Edit: looks like it's a dupe of
[https://news.ycombinator.com/item?id=17619658](https://news.ycombinator.com/item?id=17619658).

------
davidw
From twitter:

SAN FRANCISCANS: my studio costs $2700 and I stepped on human feces & 1 used
syringe on my morning commute

CITY: we hear you, action must and will be taken. Scooters are now illegal

SF-ANS: what

CITY: no more delivery robots

SF-ANS: but

CITY: workplace cafeterias are forbidden

[https://twitter.com/Altimor/status/1021973421046022145](https://twitter.com/Altimor/status/1021973421046022145)

------
htmlfan
This can definitely help support local business. But seems unfair to lower-
salary employees.
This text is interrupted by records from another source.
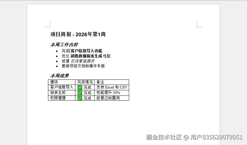 运行这段代码后,您将在同一目录下找到一个名为output.docx的Word文档,其中包含了example.md的所有内容,并且基本格式(如标题、列表、粗体、链接等)都已正确转换。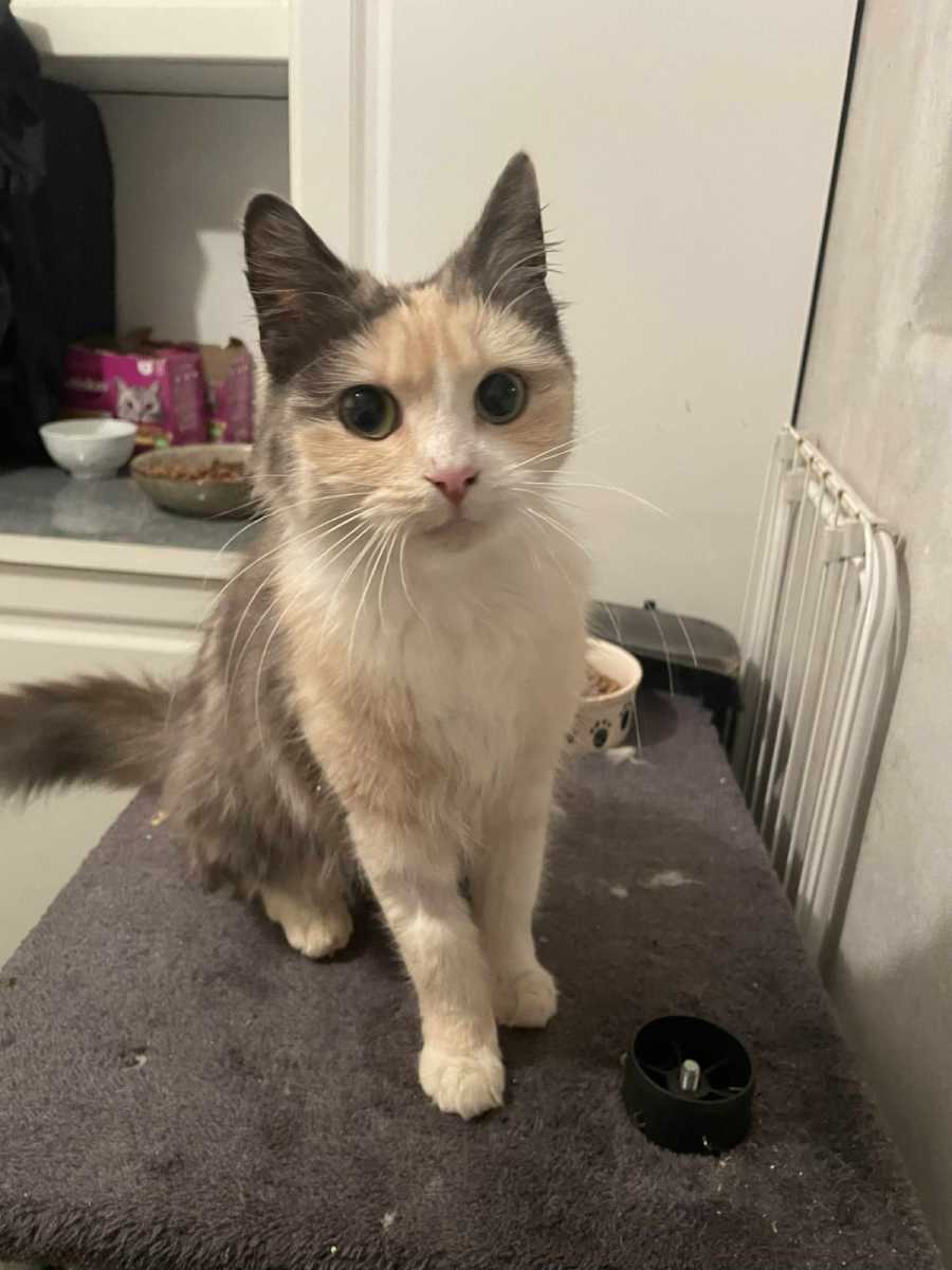Ready to add a little sparkle to your life? Meet Mochi, a beautiful 1.5-year-old medium-haired blue calico. This adorable ball of fluff was rescued from the streets, where she'd come alive each night, racing up tree stumps and playfully pouncing on other cats. Now, she brings that same vibrant energy and enthusiasm to her indoor life. Mochi is super friendly and affectionate, loving her human companions almost as much as she loves playing with her treats. We think you'll love her very mochi!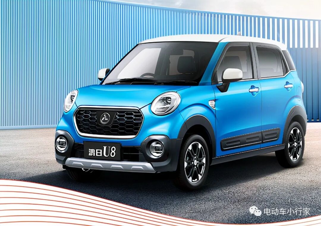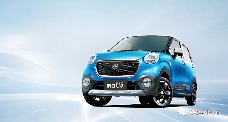 鸿日U8外观造型可爱,圆圆的大灯,像极了深邃有神的眼睛,整体是比较时尚、可爱的车型,另外,它的方方面面参数,都符合国标要求,整车尺寸为3395×1495×1630mm,符合国标要求的长度不大于3500mm、宽度不大于1500mm,高度不大于1700mm;搭载的为磷酸铁锂电池,能量密度大于140 Wh/kg,远远高于国标要求的不低于70Wh/kg。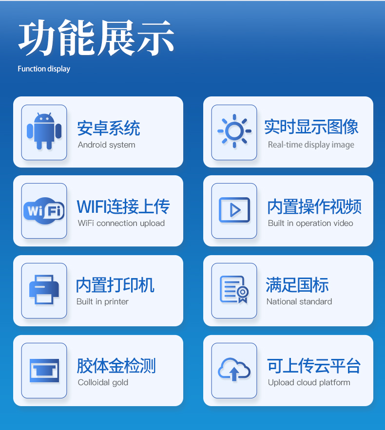 2、仪器功能包括:胶体金检测模块、数字化管理模块、无线通讯模块等,可以满足同一软件下实现所有检测项目的检测,并在同一窗口展示检测结果。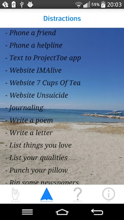 The app includes a list of suggestions for different distractions that can be used in a time of need.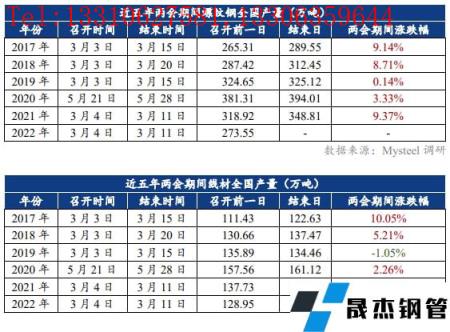 近五年兩會(huì)期間建筑厚壁無(wú)縫鋼管價(jià)格基本呈現(xiàn)下行趨勢(shì),2017年和2018年價(jià)格下行的主要原因是下游需求不振;2019年價(jià)格上漲的主要原因是限產(chǎn)加嚴(yán)導(dǎo)致供給偏低疊加下游需求恢復(fù)良好;2020年和2021年價(jià)格走低的主要原因是兩會(huì)期間建筑厚壁無(wú)縫鋼管產(chǎn)量高位運(yùn)行,供大于求。今年兩會(huì)期間,產(chǎn)量和庫(kù)存都處于往年平均線之下,供應(yīng)量相對(duì)偏低,同時(shí)一季度市場(chǎng)需求不斷回暖,若需求恢復(fù)力度尚可,疊加國(guó)內(nèi)宏觀利好持續(xù)推進(jìn),預(yù)計(jì)“兩會(huì)期間”建筑厚壁無(wú)縫鋼管價(jià)格或?qū)⒗^續(xù)震蕩偏強(qiáng)運(yùn)行。

As an employee who used to have free lunch and now doesn't,
I have felt the financial effects.

Dining out truly can make a big impact on the wallet- $10 dollars per meal
(unlikely in Mountain View unless fast food) x 5 meals a week x 48 weeks a
year (let's be generous and assume you get that much PTO) = $2,400 annually

Company-provided meals also tend to provide healthy options which can be
expensive to purchase outside of work- and tend to contain less sodium and
sugar than restaurant foods.

I can see this potentially benefitting the local business of 'Amazon
WholeFoods' and Costco as people buy more groceries to bring lunch to work
with them and eat at their desks. Eating out every day is expensive.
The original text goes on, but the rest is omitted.